C.F.R.
»
Title 29
» CHAPTER V—WAGE AND HOUR DIVISION, DEPARTMENT OF LABOR › SUBCHAPTER B—STATEMENTS OF GENERAL POLICY OR INTERPRETATION NOT DIRECTLY RELATED TO REGULATIONS › PART 779—THE FAIR LABOR STANDARDS ACT AS APPLIED TO RETAILERS OF GOODS OR SERVICES › Subpart C—Employment to Which the Act May Apply; Enterprise Coverage
The activities described in section 3(r) are included in an enterprise only when they are performed for a “business” purpose. Activities of eleemosynary, religious, or educational organization may be performed for a business purpose. Thus, where such organizations engage in ordinary commercial activities, such as operating a printing and publishing plant, the business activities will be treated under the Act the same as when they are performed by the ordinary business enterprise. (See Mitchell v. Pilgrims Holiness Church Corp., 210 F. 2d 879 (CA-7); cert. den. 347 U.S. 1013.) However, the nonprofit educational, religious, and eleemosynary activities will not be included in the enterprise unless they are of the types which the last sentence of section 3(r), as amended in 1966, declares shall be deemed to be performed for a business purpose. Such activities were not regarded as performed for a business purpose under the prior Act and are not so considered under the Act as it was amended in 1966 except for those activities listed in the last sentence of amended section 3(r). (See § 779.21.)
Notes of Decisions
Tony and Susan Alamo Foundation v. Secretary of Labor (1985)
scotus · cites it 2×
“The Labor Department’s regulation defining “business purpose,” which is entitled to considerable weight in construing the Act, explicitly states: “Activities of eleemosynary, religious, or educational organization [sic] may be performed for a business purpose. Thus, where such…”
R. Alexander Acosta v. Cathedral Buffet (2018)
ca6 · cites it 2×
“In this case, although Cathedral Buffet stresses its religious nature, it does not contest the district court’s determination that the restaurant is an FLSA “enterprise” because it engages in competitive commercial activity.”
Locke v. ST. AUGUSTINE'S EPISCOPAL CHURCH (2010)
nyed · cites it 2×
“” 4 29 C.F.R. § 779.214 (1970). An organization that performs religious, educational, or charitable activities does not perform these activities for a “business purpose,” and thus does not constitute an enterprise, unless the activities compete in the marketplace with ordinary…”

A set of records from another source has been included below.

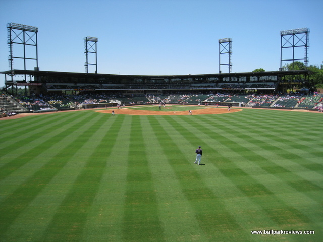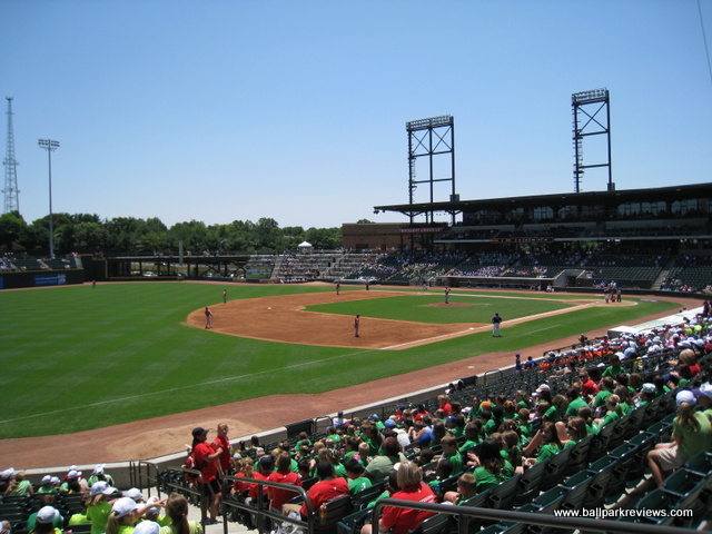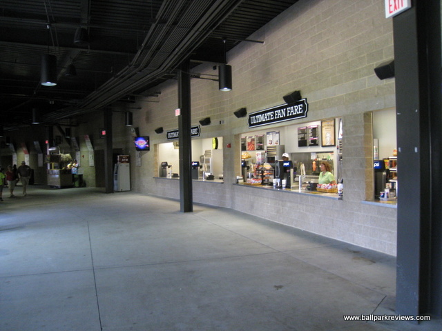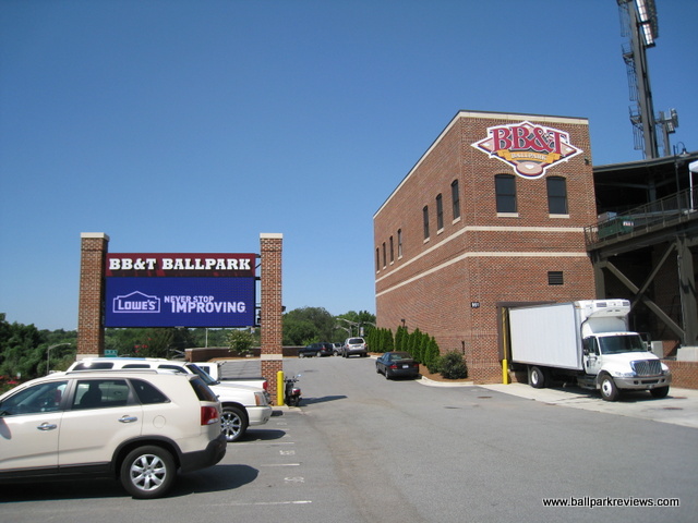 | After several years of financial haggling and construction delays, the city of Winston-Salem finally opened their new ballpark in 2010. Not that there was anything terribly wrong with their old home, Ernie Shore Field, but BB&T Ballpark is a clean, modern ballpark which allows the city to keep up with all the other North Carolina cities which have also built new minor league stadiums. BB&T Ballpark is located just to the south of the downtown and replaces a blighted neighborhood. Most of the fans park on the outfield side of the ballpark, so the team wisely decided to make the main entrance in center field. Parking seems limited for non-season ticket holders, but apparently there is enough as I haven’t heard any major complaints about this. One problem with the parking, though, is that because of how the ballpark is situated, they must climb a fairly steep hill after the game to get back to their cars. Even with the main entrance in the outfield, the façade of the ballpark is still attractive with its red brick. Inside, the ballpark is very spacious and the view of the city skyline provides a nice setting. Typical of most newer minor league ballparks, there is a full 360 degree concourse which allows fans plenty of places to roam around if they get bored. The concourse around the infield, which features several concession stands as well the pressbox, feels a bit tight in places, especially since the ceilings are not very high. Along the outfield concourse, there is a play area for kids (which features the same carousel that was at Ernie Shore Field) as well as a tiki bar for the adults. As of 2012, the park was still not 100% complete. The ticket offices as well as the team store were housed in temporary trailers near the main entrance in the outfield. Apparently a large building is supposed to be erected in right field at some point, which will feature permanent ticket offices and a larger team store. The Dash do a nice job of showing off the history of baseball in Winston-Salem as there are pictures and plaques along the concourse of famous alumni and significant baseball events in the city. Concessions here are only average at best, especially for a new ballpark. They offer several different types of hot dogs, a sub shop, and a few different varieties of fries (including garlic), but there was no BBQ to be found. Prices seemed high and the quality was lacking. They didn’t even have dipping sauce for the chicken tenders ! The atmosphere was also not to my liking, but part of that could have been due to the fact that I went to a weekday day game when the crowd was made up mostly of kids. The team has an on-field DJ (JJ) who came out every half inning to conduct some sort of contest. Fortunately they don’t go too overboard with their sound effects. There was also a mascot, Bolt, who was wondering around, though I’m not sure what he was supposed to be. BB&T Ballpark represents a new beginning for baseball in Winston-Salem and so far the fans have taken a liking to it. It certainly has everything that a modern ballpark needs, but for me, it was a bit unmemorable. Other than the view of the city skyline, there just isn’t much here that sets it apart from other new ballparks.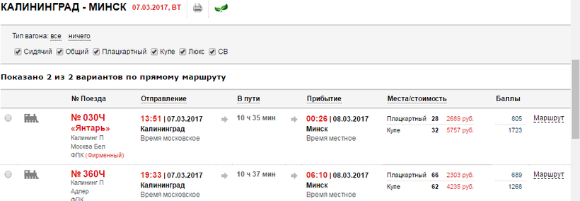 Поскольку у меня нет своего транспорта, то всегда приходится искать другие варианты, которые будут не только удобными, но и не слишком затратными. В этот раз особо выбора не было, так как ехала я не одна и ничего иного не оставалось, как настроить себя на поездку поездом. Забегая вперед скажу, что доехать можно только с пересадками. Для начала вам необходимо оказаться в Калининграде, а поскольку между ним и Светлогорском 40 километров, то доехать можно даже на такси (400 рублей). Чтобы вы сами увидели расписание, я взяла 7 марта, так как на этот день будет 2 рейса: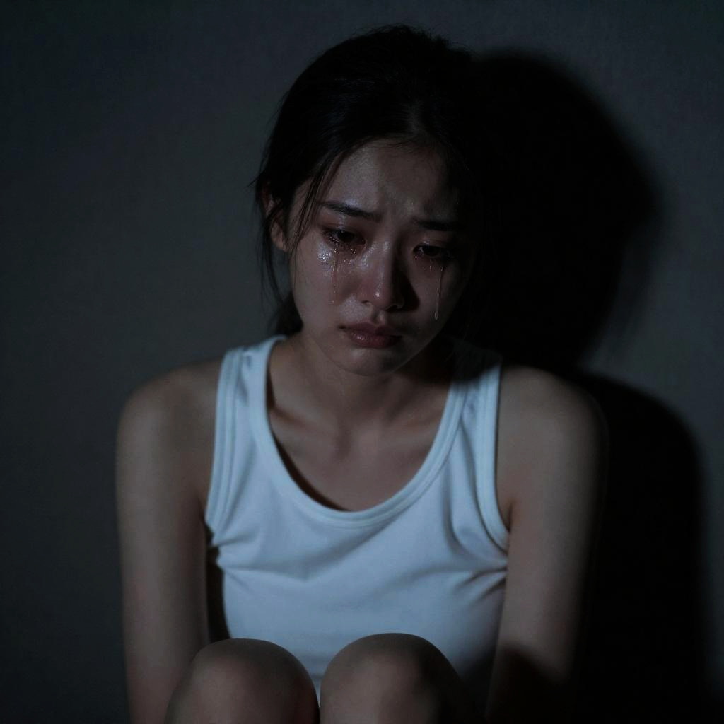 Portrait of a young Asian woman sitting indoors against a dark wall, crying with tears streaming down her face. She wears a white sleeveless top and has a sorrowful, gloomy expression with her head bowed. The lighting is low-key and cold, creating deep shadows and highlighting her authentic skin texture.

Bowrin v. Catholic Guardian Society (2006)
nysd
“Specifically, activities performed in connection with the operation of a hospital, an institution primarily engaged in the care of the sick, the aged, the mentally ill or defective who reside on the premises of such institution, a school for mentally or physically handicapped or…”

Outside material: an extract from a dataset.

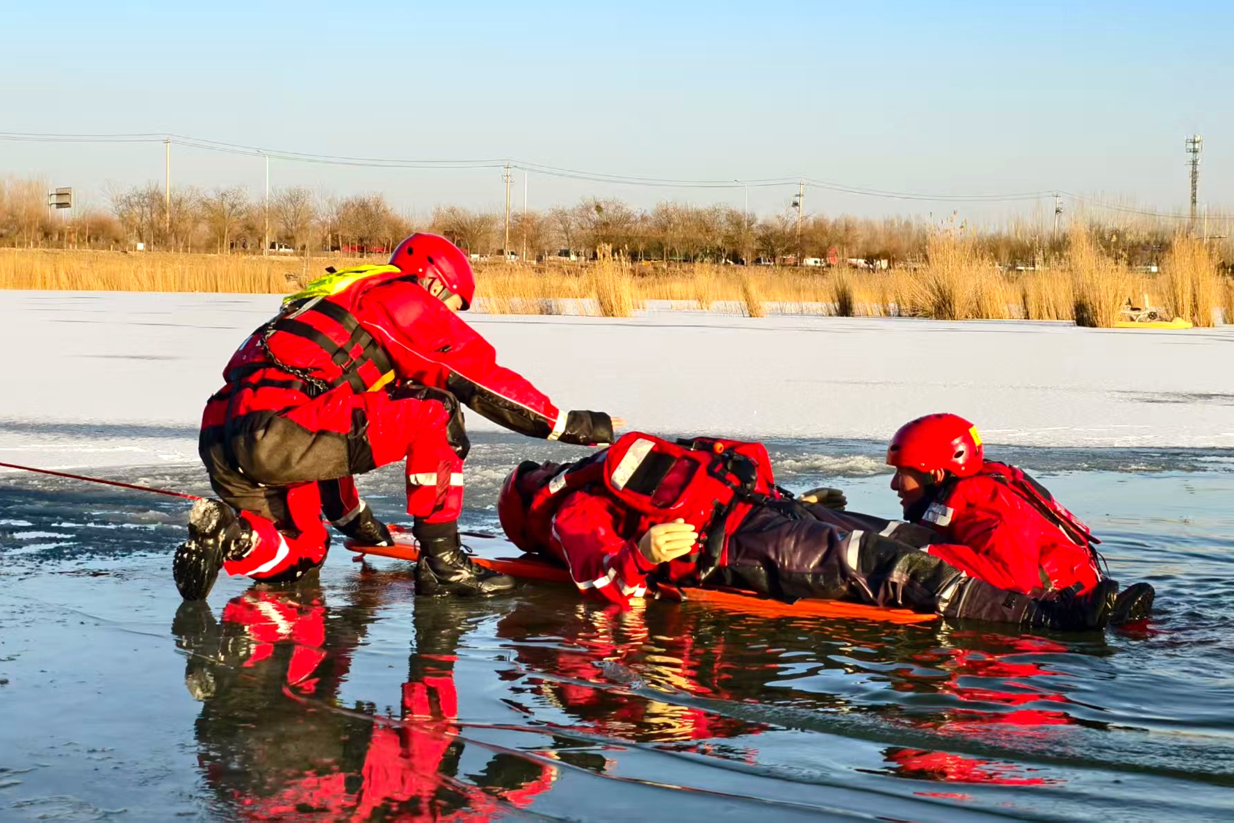 1月11日,宁夏消防救援总队特勤支队在银川市孔雀湖开展冰域救援实战演练。连日来,全区各地消防陆续开展冰域救援授课暨实战演练活动,全面检验消防队伍在极端天气下的快速响应和专业处置能力,为高效应对冬季冰域突发事故奠定坚实基础。宁夏日报报业集团全媒体记者 苏克龙 摄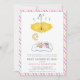 Yellow umbrella and sleeping baby girl shower by mail invitation, featuring a sleeping baby girl on a cloud, a crescent moon and a star over it and a yellow umbrella with water drops. Around it there is a border with pink and yellow diagonal stripes and the same stripes cover the back. Some elements by Trina Clark and courtesy of vectorportal.com.

Benton v. Laborers' Joint Training Fund (2015)
dcd
“” 29 CFR § 779.214 . The operative question in such cases is whether the organization’s activities “serve the general public in competition with ordinary commercial enterprises.”

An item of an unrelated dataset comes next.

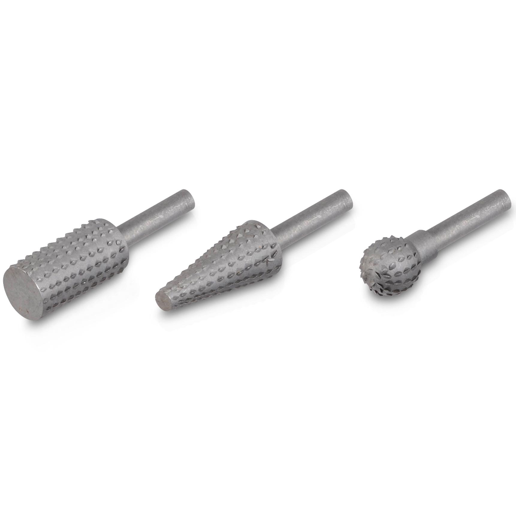 Jeu de 3 râpes à bois Kreator pour perceuse comprenant:1 râpe cylindrique1 râpe conique1 râpe sphériqueDiamètre de l'axe: 6mm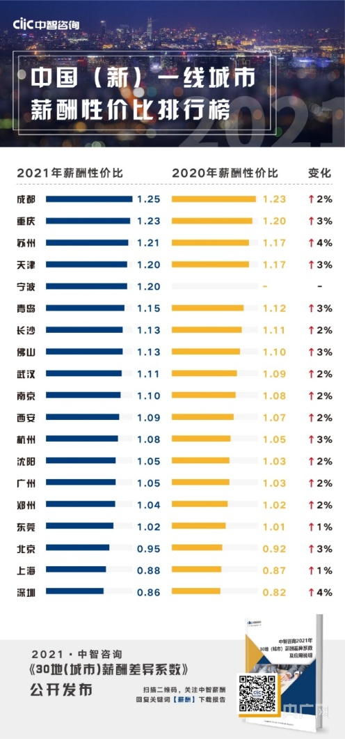 中智2021年城市薪酬性价比榜单出炉 成渝等城市更幸福

Archie v. Grand Central Partnership, Inc. (1998)
nysd
“Defendants claim that the SSC, GCP, and 34th SP do not share a common business purpose because “[t]he PTE program is not intended to enhance the district in which activities are performed.” However, the entities did share a common business purpose, for the services provided by…”
Schleicher v. Salvation Army (2008)
ca7
“” 29 C.F.R. § 779.214 . Much like the religious organization in the Alamo case, the Adult Rehabilitation Center that the plaintiffs administered operates thrift shops (five in number, with a total work force varying from 20 to 40) that sell donated goods to the general public.”
Ferman Shaliehsabou v. Hebrew Home of Greater Washington, Incorporated (2004)
ca4 · cites it 2×
“Quite clearly then, even absent a judicially-created “ministerial” exception, the Act does not cover employees engaged in the vast majority of activities that religious organizations perform. In this case, however, Congress has provided unequivocally that the activities of the…”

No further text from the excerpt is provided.